I have an iPhone and a family which prefers to use Hangouts. I'll send a long string of emoji which looks great and funny on my phone. Then when I fire up Hangouts on my desktop and see the messages I sent, the gumdrop emojis kinda fill me with horror. They seem to change my original meaning into something cruder.

So one vote against the gumdrops. I'm glad they're going away.
posted by honestcoyote at 2:35 PM on May 20, 2017 [8 favorites]


Not only have I seen a lot of people defending them since this was announced, I'm baffled because I'm a longtime Android user and I've never once heard anybody complain about the existing ones, like, while I was actually chatting with them. They call them the worst emoji on the planet without citing anything about whether this is in fact a commonly-held belief. I'm sure they aren't to everybody's taste, but I felt like they fit very well with Android as a whole.

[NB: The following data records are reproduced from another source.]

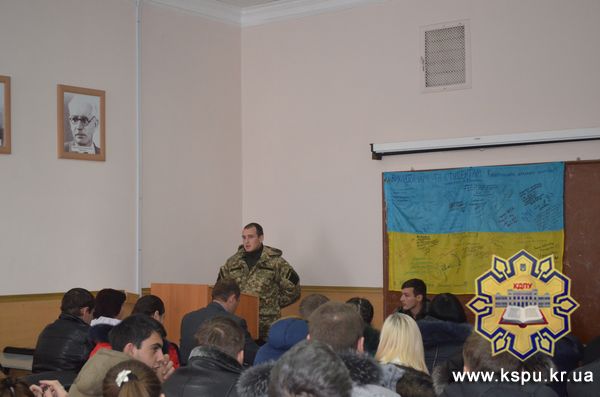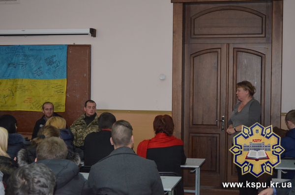 Біденко Наталія Іванівна, заступник декана з виховної роботи, виразила щиру вдячність і віддала честь нашим студентам-воїнам, побажала їм міцного здоров’я і довгого, не нужденного життя. Студенти і викладачі, які прийшли на зустріч (до речі, аудиторія не вмістила всіх бажаючих) мали змогу задати питання солдатам, серед яких були і питання про озброєння, і прохання надати аналіз політичній ситуації у зв’язку зі зміною складу законодавчого органу шляхом виборів, і запитання про харчування нашої армії, про сприйняття наших солдат жителями Донецької і Луганської областей, про фактори, що підтримують військовий дух. Військові охоче відповідали на питання, спілкувалися з аудиторією, розповідали окремі історії із життя «на лінії вогню».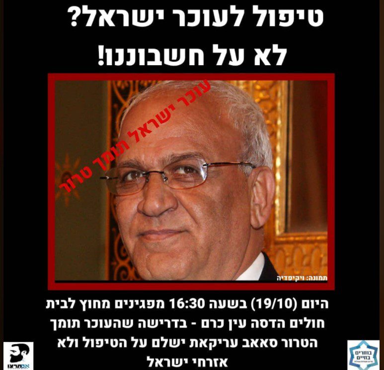 אשפוז עריקאת על חשבון אזרחי ישראל, היא יריקה בפרצוף של משפחות שכולות. אנו מחוץ לבית חולים. הצטרפו אלינו>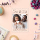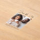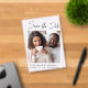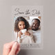 Clear acrylic wedding save the date announcement featuring your photo, "Save the Date" in a chic script, and your names, wedding date and location in simple, modern typography.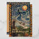 This unique, autumn-themed Halloween invitation has an old-fashioned, mystical feel. This Halloween card shows a witch flying on a broomstick outlined in stars against the night sky over an autumn harvest field. The design is from a 1910s era Halloween card. Reminiscent of a time when All-Hallows-Eve was a night of whimsy and mystery. Your Halloween party guests will be Bewitched!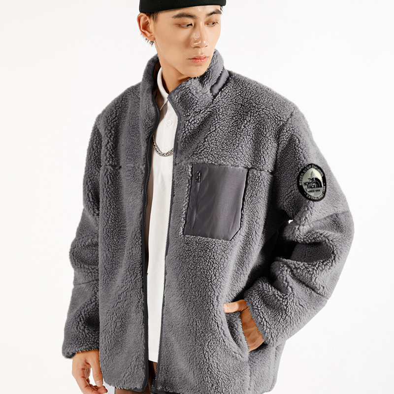 Куртка шерпа утеплённая The North Face цвет-серый с карманом на груди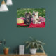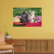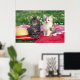 Two Kittens Sitting On A Red-Coloured Blanket Poster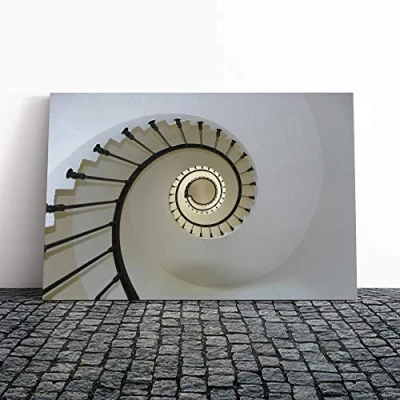 Big Box Art Canvas Print Wall Architecture Lighthouse Spiral Staircase (1) Mounted & Stretched Frame Picture Home Decor for Kitchen, Living Room, Bedroom, Hallway, Multi Colour, 20x14 Inch
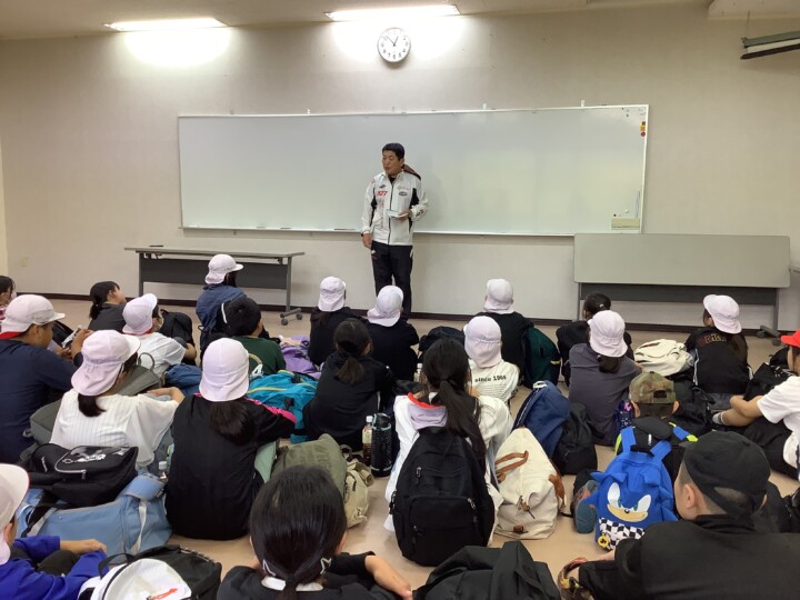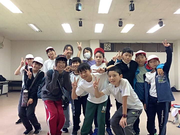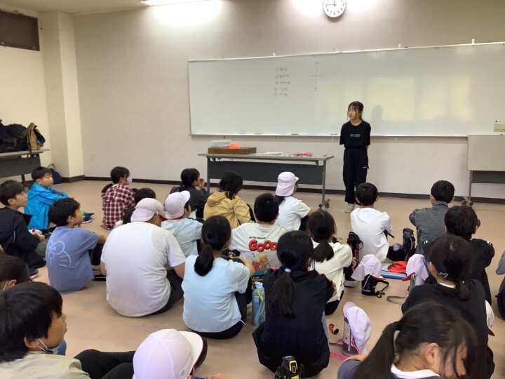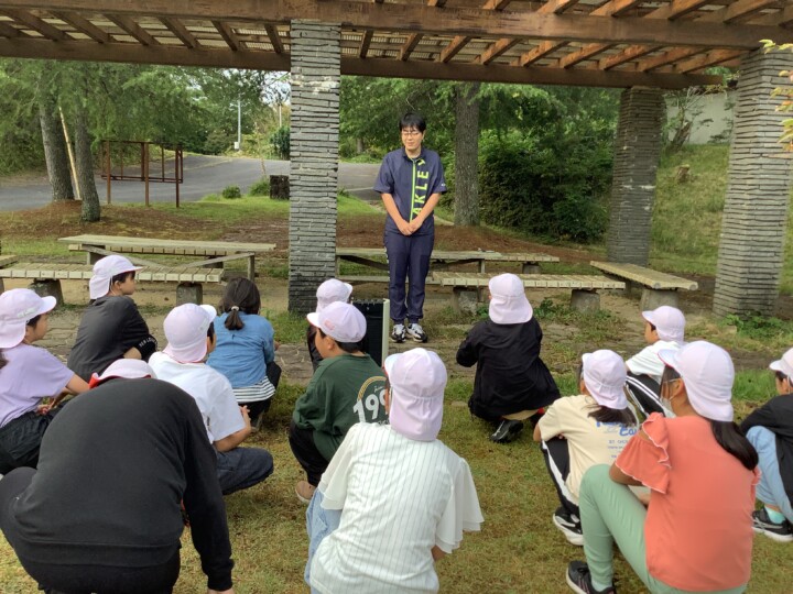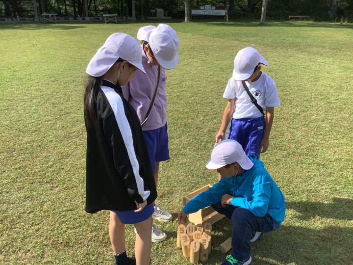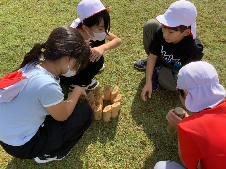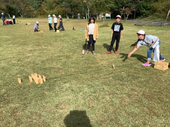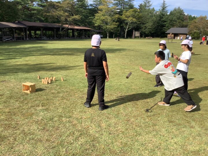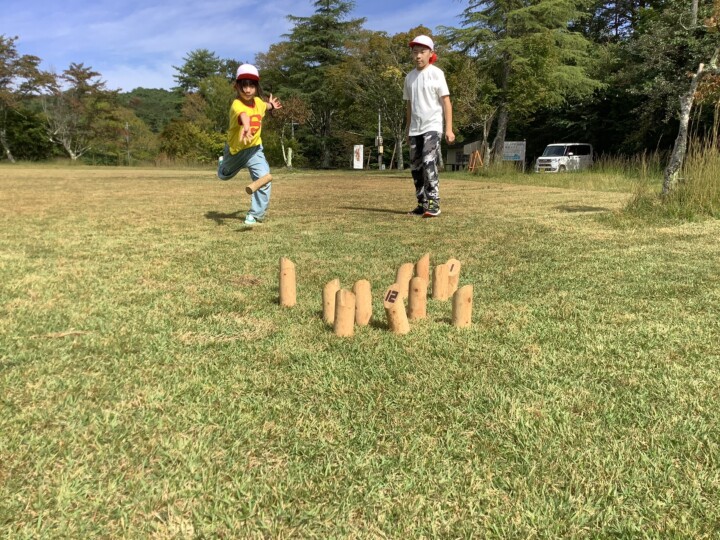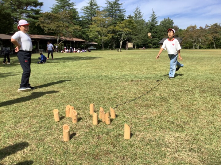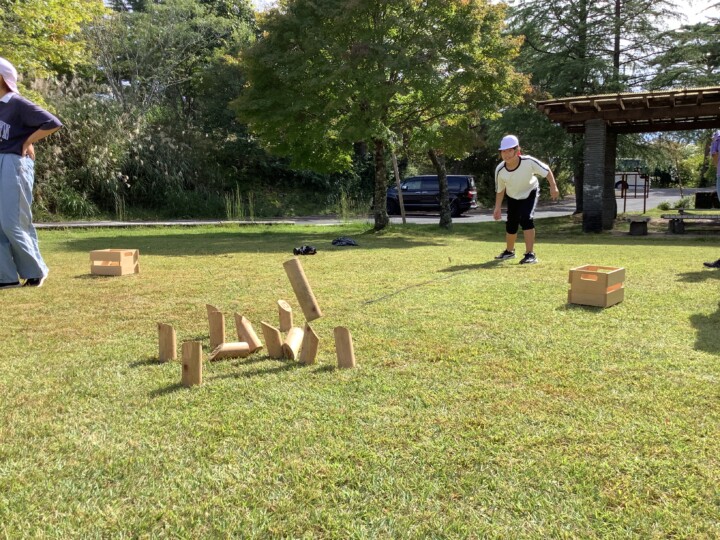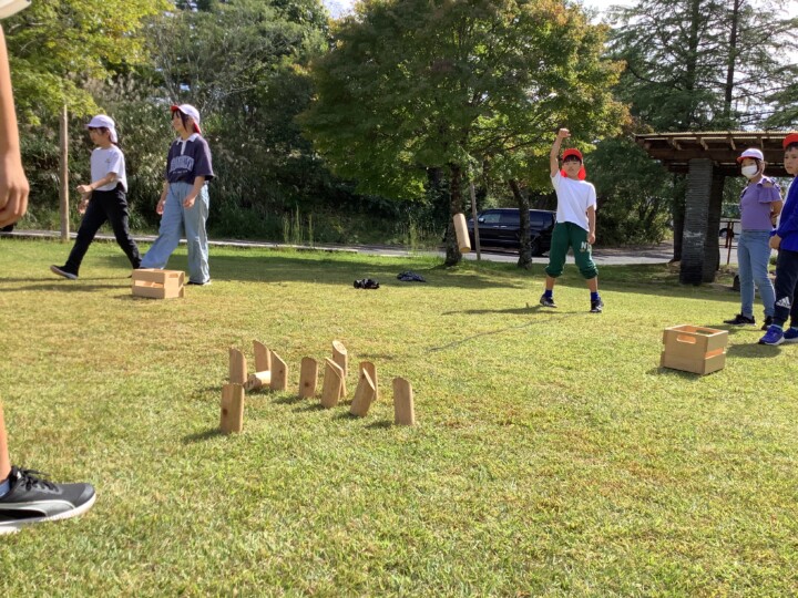 モルック体験です。アンダースローで木の棒を投げて木を倒し、点数を足して50点にするゲームです。なかなかぴったりにするのは難しいみたいです。「あと1点だったのにー。」と悔しそうな様子。繰り返しているとみんなコントロールが上手になって、遠くまで飛ばしたり、縦投げで点数をねらいうちできるようになっていました!個人戦が終わるとチーム戦で対決も!仲間と励まし合いながら、歓声が上がっていました。

The thing that fascinates me about this, because of that, is that gradient. That gradient speaks volumes. It matches precisely nothing of Android's current design sensibilities. Android O is still, as far as I can tell, on Material and its only gradient usage is for stuff like shadows. They don't say anything about other changes, but is this the first face of what's to come?

I'm not sure I'm ready for gradients like that to become the next big thing. They look pretty hideous. Round faces with flat colors would have been fine; these? No.
posted by Sequence at 2:37 PM on May 20, 2017 [8 favorites]

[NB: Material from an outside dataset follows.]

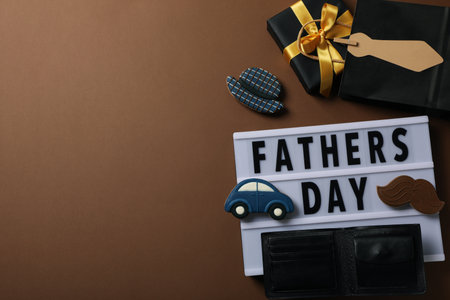 Inscription on a white chalkboard father's day, on a brown background, with gifts.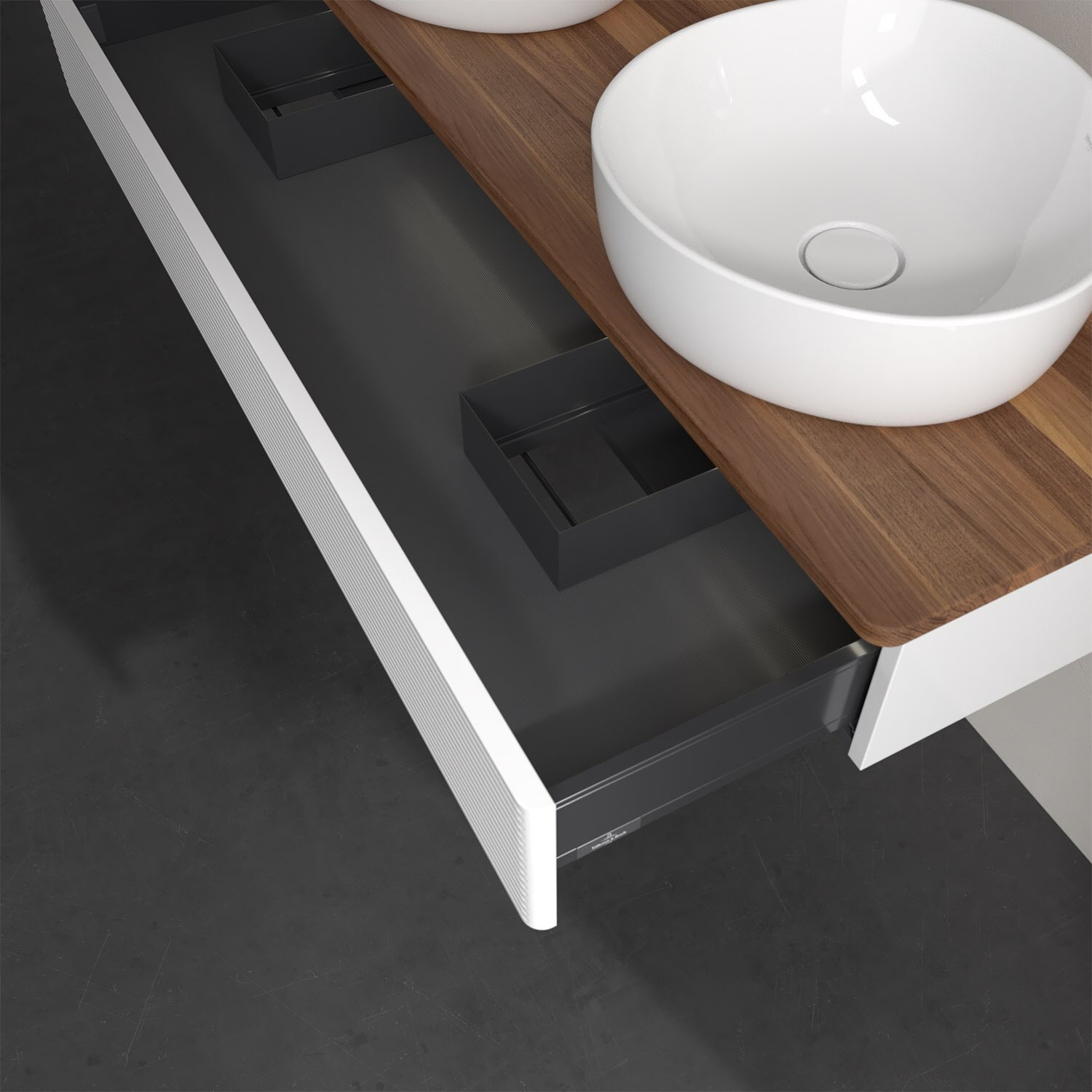 - kein Umfallen oder Verrutschen von Pflegeprodukten in den Schubladen dank rutschhemmendem Boden

What? No. The gumdrops are awesome and the worst emojis are obviously from Samsung. They use a pair of saltines to mean “cookie”.
posted by migurski at 2:44 PM on May 20, 2017 [12 favorites]


The chocolate chips in that Facebook cookie look like disease.
posted by Greg_Ace at 2:50 PM on May 20, 2017


I am surprised how offended I am by the article. It sucks, because I used to think emojis were fun and expressive and now I feel like it's just another front in some bullshit culture war I want nothing to do with.

I think I will go back to using emoticons.
posted by glonous keming at 2:53 PM on May 20, 2017 [16 favorites]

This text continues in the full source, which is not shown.